Naar het oordeel van het hof is bewezen dat de verdachte de kluis van [slachtoffer], met daarin een aanzienlijke hoeveelheid sieraden, heeft gestolen. Uit de aangifte van [slachtoffer] volgt dat de kluis op 14 maart 2019 is gestolen tijdens een verhuizing van haar inboedel door een verhuisbedrijf naar haar woning aan de [adres 3]. Uit de zich in het dossier bevindende tapgesprekken van 14 maart 2019 volgt dat de verdachte is ingeseind door [medeverdachte], die op dat moment werkzaam was voor het verhuisbedrijf, dat er een kloewa (het hof begrijpt: een kluis) lag in een waggie (het hof begrijpt: een voertuig) in de buurt van het Surinameplein en dat die kluis weggehaald kon worden. [medeverdachte] liet de verdachte weten dat die kluis niet van hem was, dat hij die ‘in de waggie’ liet staan, dat hij ‘de waggie’ gewoon open liet, en dat het ‘echt nu’ moest gebeuren. Uit een daaropvolgend tapgesprek blijkt dat de verdachte vervolgens vervoer heeft geregeld, een Caddy. Daarna zei [medeverdachte] telefonisch tegen de verdachte dat iedereen boven aan het werk was en dat de verdachte moest ‘binnengaan, pakken en weggaan’ als hij [medeverdachte] naar boven zag gaan. Op 14 maart 2019 omstreeks het tijdstip van de diefstal zagen leden van een observatieteam van de politie, die zich bevonden in de buurt van het Surinameplein, dat de verdachte als bijrijder zat in een Volkswagen Caddy met een groot voorwerp op schoot dat leek op een doos.

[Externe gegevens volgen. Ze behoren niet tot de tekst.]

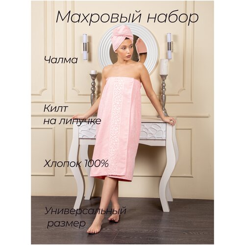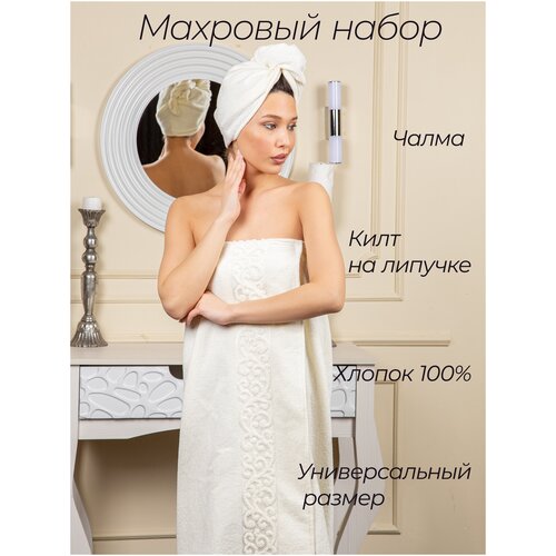Набор женский для бани и сауны махровый, Килт на липучке и Чалма
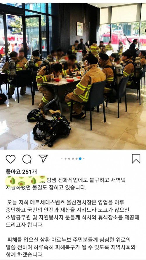 벤츠 딜러사인 스타자동차에 근무하고 있는 A씨는 자신의 인스타그램을 통해 "오늘 저희 메르세데스 벤츠 울산 전시장은 영업을 하루 중단하고 국민의 안전과 재산을 지키느라 노고가 많은 소방공무원 및 자원봉사자분들께 식사와 휴식 장소를 제공해 드리고자 한다"고 밝혔다.

Uit een tapgesprek, opgenomen op 14 maart 2019 na het tijdstip van de diefstal, volgt dat de verdachte ‘een slijp’ regelde, terwijl hij in tapgesprekken van 15 maart 2019 sprak over sieraden en kennelijk over de verkoop daarvan. Verder blijkt uit het dossier dat in de telefoon van de verdachte vanaf 15 maart 2019 via de zoekmachine Google is gezocht op zoektermen zoals ‘Cartier dames ring geel diamant’, welke termen passen bij de zich ten tijde van de diefstal in de kluis bevindende sieraden. Op grond van het voorgaande, tezamen en in onderlinge samenhang bezien, acht het hof bewezen dat de verdachte de kluis heeft weggenomen uit de verhuiswagen en acht het hof wettig en overtuigend bewezen dat de verdachte zich schuldig heeft gemaakt aan diefstal van die kluis met daarin een grote hoeveelheid sieraden.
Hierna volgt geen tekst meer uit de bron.